Mansur Yavaş'ın kirli oyunları Beyaz TV ekranlarında deşifre edildi!
Beyaz Tv ekranlarında yayınlanan Latif Şimşek'in hazırlayıp ve sunduğu Dinamit programında dün akşam Ankara Büyükşehir Belediye Başkanı CHP'li Mansur Yavaş'ın tüm yalanları bir bir ifşa edildi.
Beyaz Tv ekranlarında yayınlanan Latif Şimşek'in hazırlayıp ve sunduğu Dinamit programında dün akşam Ankara Büyükşehir Belediye Başkanı CHP'li Mansur Yavaş'ın tüm yalanları bir bir ifşa edildi.

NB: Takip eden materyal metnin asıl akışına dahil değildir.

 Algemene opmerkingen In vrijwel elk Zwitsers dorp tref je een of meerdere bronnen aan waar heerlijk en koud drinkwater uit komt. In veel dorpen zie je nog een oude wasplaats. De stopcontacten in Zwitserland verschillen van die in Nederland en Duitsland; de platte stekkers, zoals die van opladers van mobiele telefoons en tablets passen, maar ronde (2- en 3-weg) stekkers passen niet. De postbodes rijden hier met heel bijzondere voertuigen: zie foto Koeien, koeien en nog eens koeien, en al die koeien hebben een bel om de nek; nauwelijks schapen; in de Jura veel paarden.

Osman Diyasin ve Zihni Çakır'ın konuk olduğu programda Mansur Yavaş'ın ihale yalanları, koruma aracı yalanı, Ankapark ve Sos Vakfı yalanları bir bir anlatıldı.
İhaleleri canlı yayınlamakla övünen Mansur Yavaş'ın yönetimindeki Ankara Büyükşehir Belediyesi 'naklen zarar' ihalelerini sürdürüyor. Bir televizyon kanalında 'İhaleleri açık yapıyorum. Biz bu ihaleleri birine verecek olsak açık ihale yapmazdık' diyen Yavaş, bugüne kadar 100'ün üzerinde adrese teslim 21/b ihalesi ve 700'e yakın pazarlık usulü davetiye şeklinde ihale yaptı.

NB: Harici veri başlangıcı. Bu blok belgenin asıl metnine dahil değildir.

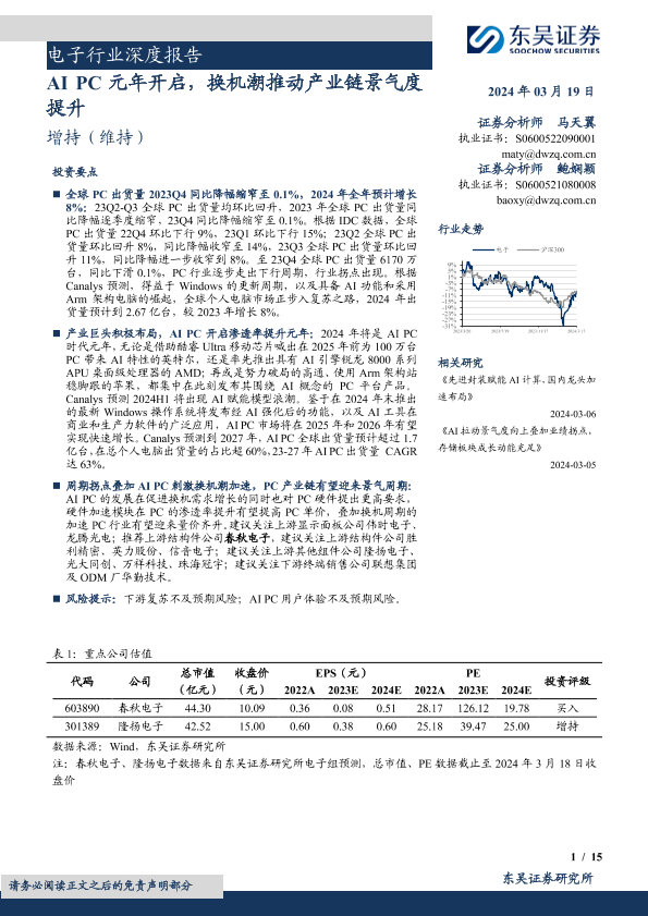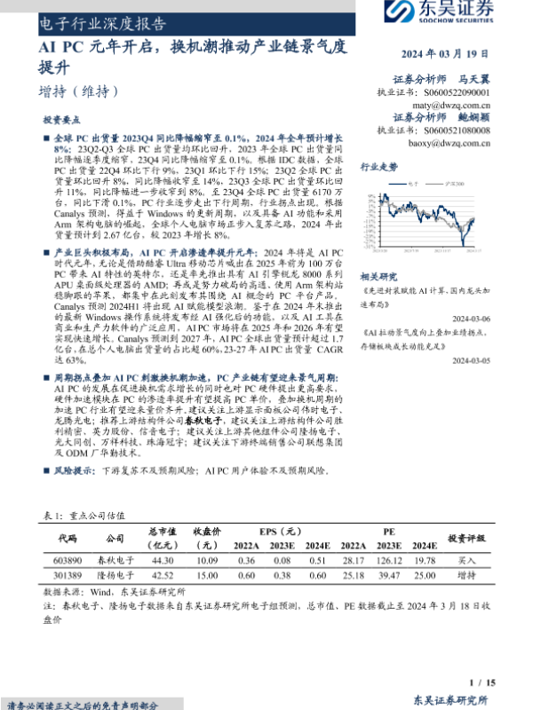 【东吴证券】【20240319】电子行业深度报告:AI+PC元年开启,换机潮推动产业链景气度提升-15页

'Açık ihale' yerine ihale kanununun ancak zorunlu hallerde başvurulabilecek 21/b (pazarlık usülü) maddesine dayanarak ihale yapmayı tercih eden Yavaş bir televizyon kanalında 'İhaleleri canlı yayınla tüm halkımıza veriyoruz istesek 21/b den veririz' demişti.Bin 662 firmanın katıldığı ilk ihalesini internet üzerinden canlı yayınlatarak Mart 2019 yerel seçimler öncesi verdiği 'şeffaf belediyecilik' sözünü tuttuğu algısını zihinlere yerleştirmek isteyen Yavaş'ın maskesi düştü. Yavaş'ın art arda yaptığı 3 maske alımında ikinci bir firma bulamaması şaşırttı.
İşte detaylar:
Salgının fırsata dönüştürülmesi vatandaşın mağdur olmasına yol açmış, maske fiyatlarının hak ettiği seviyeye dönmesi için Cumhurbaşkanı Tayyip Erdoğan tarafından 'Vatandaşa ücretsiz maske' talimatı verilmişti.Aciliyet sebebiyle bir taraftan çok sayıda kurum aktif olarak maske üretimine odaklanırken, diğer taraftan Sağlık ile Ulaştırma ve Alt Yapı Bakanlıklarına verilen talimat üzerine Devlet Malzeme Ofisi (DMO) tarafından peş peşe maske alımı ihaleleri düzenlenmişti. DMO, Kamu İhale Kanunu'nun doğal afet ve salgın gibi şartlar altında ivedi alım gerektiren hâllerde uygulanmasına izin verdiği '21/b' ihale usulü yerine, rekabet şartlarının daha etkin olduğu, bir anlamda devletin zarara uğraması riskinin minimalize edildiği 'açık ihale' usulünü tercih etmiş, temin süresi kısa tutulmuş ve kıran kırana geçen ihalelerde maske birim fiyatları neredeyse pandemi öncesi fiyatlara kadar çekilmişti.
ABB 21/b'Yİ TERCİH ETTİ
DMO'nun açık ihalelerinde şartname, maske sayısı, maske birim fiyatı gibi tüm bilgiler bulunurken ve ihalelere ilişkin tüm detaylar EKAP'ta (Elektronik Kamu Alımları Platformu) yayımlanırken; 2020 Nisan ayı sonunda ihaleye çıkan Ankara Büyükşehir Belediyesi'nin 4734 Sayılı Kamu İhale Kanunu'nun pazarlık usulünü düzenleyen 21'inci maddesinin birinci fıkrasının (b) bendi hükmüne göre ihale yaptığı, ikinci ihaleyi 2 hafta sonra, üçüncü ihaleyi ise yaklaşık 40 gün sonra düzenlediği, her üç ihaleyi ise 'sözde' pazarlık yaparak aynı firmaya verdiği, üstelik firmanın bir medikal ya da tekstil değil, inşaat firması olduğu ortaya çıktı.'Maske Üretim Hizmet Alımı' ihalesinin en dikkat çeken tarafı ise, yeşil alan ihalesine bile bin 662 firmanın başvurduğu ABB'nin, düzenlediği üç ihalenin üçüne de tek bir firmanın teklif vermiş olması.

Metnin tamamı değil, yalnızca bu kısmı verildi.